Im neu geschaffenen Erdgeschoss werden sich dereinst ein Mehrzweckraum, eine Bibliothek sowie Verpflegungs- und Betreuungsräume befinden. (Visualisierung: © Nightnurse Images AG)
«Der Umgang mit dem Bestand ist gegenwärtig eine der Top-Herausforderungen beim Bauen. Mit dem vorliegenden Projekt zeigen wir auf, wie attraktiv eine Umnutzung des Bestehenden sein kann.»

André Odermatt, Vorsteher des Hochbaudepartements der Stadt Zürich

Für die Umgestaltung wurde ein Konzeptwettbewerb im selektiven Verfahren ausgeschrieben. Ausschlaggebende Bewertungskriterien waren dabei nicht nur die intelligente und effiziente Nutzung der zur Verfügung stehenden Flächen, sondern auch der Erhalt der architektonischen Wirkung des Kirchenraumes und eine angemessene Belichtung. Aus denkmalpflegerischen Gründen kamen nur reversible Massnahmen infrage. 

Durchsetzen konnte sich das Basler Büro Vécsey Schmidt Architekt*innen im Team mit der Anderegg Partner AG. Ihr Vorschlag sieht vor, das heute offene Erdgeschoss mit einer isolierten Decke zu überspannt. So können ein Mehrzweckraum, eine Bibliothek sowie Verpflegungs- und Betreuungsräume ebenerdig untergebracht werden.
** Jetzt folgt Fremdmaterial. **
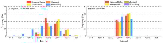 Figure 9. Frequency distribution of forecast error intervals at maximum wind speed accuracy (a) Original ZJWARMS model. (b) After correction.
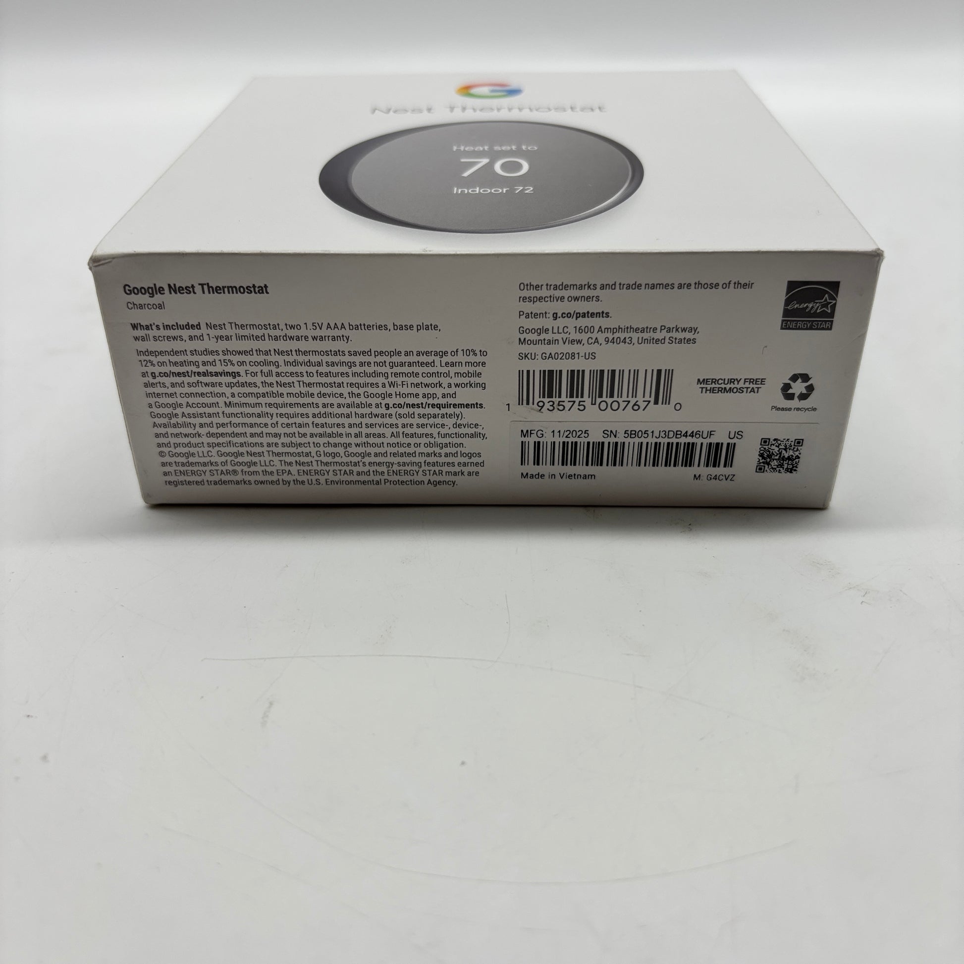 New Google Nest Smart Thermostat GA02081-US

Im neu geschaffenen Obergeschoss wird ein ungeheizter und vielfältig nutzbarer Raum unter dem historischen Deckengewölbe der Kirche entstehen. 

Die Bauarbeiten sollen im Jahr 2025 beginnen. Im Schuljahr 2026/27 könnten die neuen Räumlichkeiten dann erstmals genutzt werden. Die Kosten für die Baumassnahmen werden aktuell auf 7,5 Millionen Franken geschätzt. Die jährlichen Mietkosten für die Kirche und die Aussenräume sollen sich auf 180'000 Franken belaufen.

«Wir haben aus der Not eine Tugend gemacht und nutzen kreative Lösungen, um den anhaltend hohen Schulraumbedarf zu decken.»

Filippo Leutenegger, Vorsteher des Schul- und Sportdepartements der Stadt Zürich

Visualisierung: © Raumgleiter

Die Stadt Zürich teilte im Zuge der Bekanntgabe des Wettbewerbsresultats auch mit, dass geplant sei, zukünftig weitere kirchliche Liegenschaften für andere Nutzungen zu öffnen. So wird im Sommer aus dem Kirchgemeindehaus Sihlfeld ein Kindergarten. Ausserdem ist eine städtische Nutzung auch für die Kirche Suteracher in Planung. 

Die weltliche Nutzung von Sakralbauten hat in der Stadt Zürich eine lange Tradition. So zog man in den gotischen Chor der Predigerkirche nach der Reformation und der Schliessung des zugehörigen Dominikanerklosters Zwischenböden ein. Danach dienten die Räumlichkeiten zunächst als Kornschütte, später als Lager und schliesslich als Bibliothek und Archiv. Heute sind sie Teil der benachbarten Zentralbibliothek.